The ultimate shrub of the west
No other shrub is more symbolic of the Pacific Coast than Manzanita. From Baja to Canada one species or another is native from the coast to the mountains. Picturesque bark and familiar flowers make them great transitional shrubs from cultivated borders to wild areas. In the Pacific Northwest they are great echos for Madrones and are at home in a variety of landscapes.
Pink to white urn-shaped flowers appear for a long time in late winter to spring and followed by copious amounts of small shiny fruit. Manzanita is Spanish for little apple to which the fruit resemble. One reason they are such striking shrubs is that they hold their leaves perpendicular to the sun- an adaptation to avoid moisture loss. The myth that Manzanitas are difficult to cultivate most likely comes from the fact that they do not take well to regular summer irrigation. In a garden where summer watering is non-existent they are among the easiest and most handsome shrubs one can grow. They do best in acid soil on slopes with full sun and good air circulation. The best size to plant of a Manzanita is a 6″ or 1 gallon pot or a two gallon pot but no larger. The majority grow so incredibly fast that we find the smaller the better they establish. Large sizes are prone to wind rock which can afflict them if they do not develop a sufficient root system.
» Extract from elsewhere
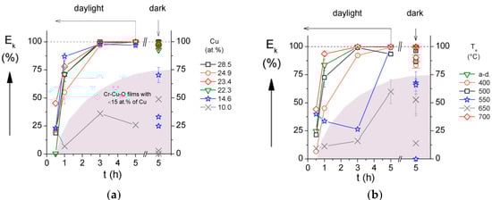 - The efficiency Ek of E. coli bacteria killing on the surface of the Cr–Cu–O coating with ≥ 15 at.% Cu content is the same both in the daylight and in the dark at the contact time t = 5 h (Figure 2a,b). It means that no special irradiation, not even daylight irradiation, is necessary to kill E. coli bacteria settled on the surface of the Cr–Cu–O coating.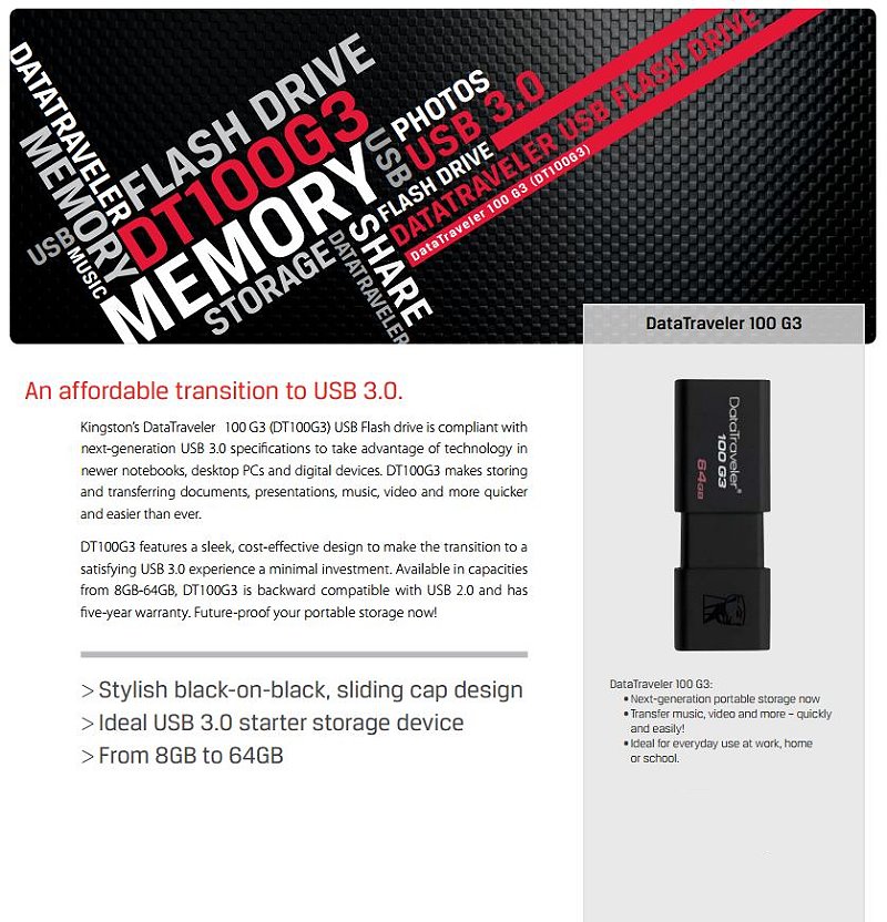 Product Name | Kingston DataTraveler 100 G3 64GB USB3 Flash Drive DT100G3/64GB |

Avoid amendments, mulch with bark, NOT COMPOST. Newly planted Manzanitas can take weekly irrigation until they begin to grow in earnest- then taper off. Eventually, they are best with no water during the warm months and can handle the driest of years with no visible stress. Manzanitas bloom on wood from the previous year. They may be tip pruned to limit size and as they age they can be limbed up to reveal the striking bark. This also helps ensure good air circulation which they very much appreciate. All are evergreen (of course).